"feathered, warm-blooded vertebrate animal of the class Aves," Old English bird, rare collateral form of bridd, originally "young bird, nestling" (the usual Old English for "bird" being fugol, for which see fowl (n.)), which is of uncertain origin with no cognates in any other Germanic language. The suggestion that it is related by umlaut to brood and breed is rejected by OED as "quite inadmissible." Metathesis of -r- and -i- was complete 15c. (compare wright).
Despite its early attestation, bridd is not necessarily the oldest form of bird. It is usually assumed that -ir- from -ri- arose by metathesis, but here, too, the Middle English form may go back to an ancient period. [Liberman]
Still up to c. 1400 it was often used in the specific sense "the young of a bird, fledgling, nestling, chick," and of the young of other animals (bees, fish, snakes) and human children.
The proper designation of the feathered creation is in E. fowl, which in course of time was specially applied to the gallinaceous tribe as the most important kind of bird for domestic use, and it was perhaps this appropriation of the word which led to the adoption of the name of the young animal as the general designation of the race. [Hensleigh Wedgwood, "A Dictionary of English Etymology," 1859]
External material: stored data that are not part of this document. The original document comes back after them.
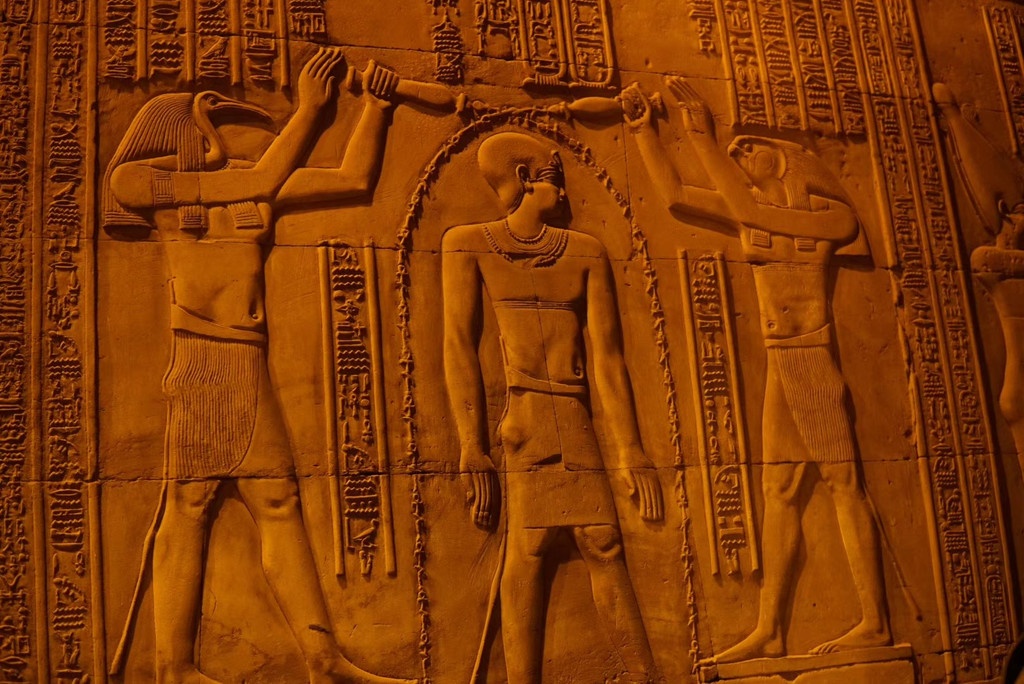 荷鲁斯神庙最让人触动的是,千年前,人们从埃及不同的地方聚集在此彻夜欢庆,由祭司将神牛从两侧的甬道抬到最顶端吸收太阳的力量。在甬道里各种石刻表现着当年的画面,跃然于上,仿佛耳边还有人声的喧闹,尤为奇妙。
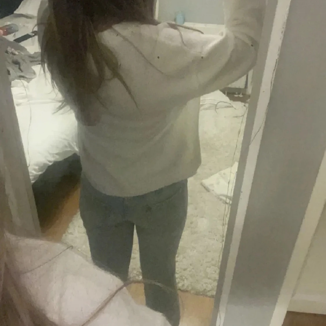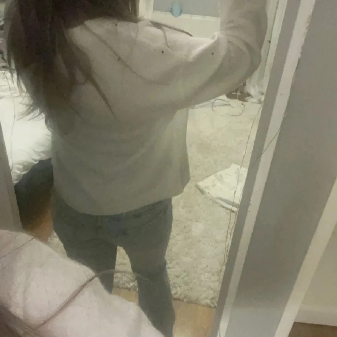 Säljer ett par ljusblå jeans med bootcut-modell och låg midja. Jeansen har klassiska fickor fram och bak samt en snygg, lätt utsvängd passform nertill. Perfekta för dig som gillar en retro vibe och vill ha ett par jeans som sticker ut lite extra.
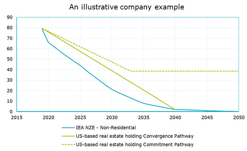 The Convergence Pathway – extrapolates an illustrative real estate company’s carbon-emissions trajectory based on emissions intensities measured at baseline year 2019 through 2050, the year in which the IEA and IPCC estimate all real estate sector companies will reach net-zero emissions.

Figurative sense of "secret source of information" is from 1540s. Meaning "man, fellow, person" is from 1799. Bird-watching attested from 1897. Bird's-eye view "the view as seen from above, as if by a bird in flight," is from 1762. For the birds recorded from 1944, supposedly in allusion to birds eating from droppings of horses and cattle. The bird-spider (1800) of the American tropics is a large sort of tarantula that can capture and kill small birds.
A byrde yn honde ys better than three yn the wode. [c. 1530]
The form with bush is attested by 1630s.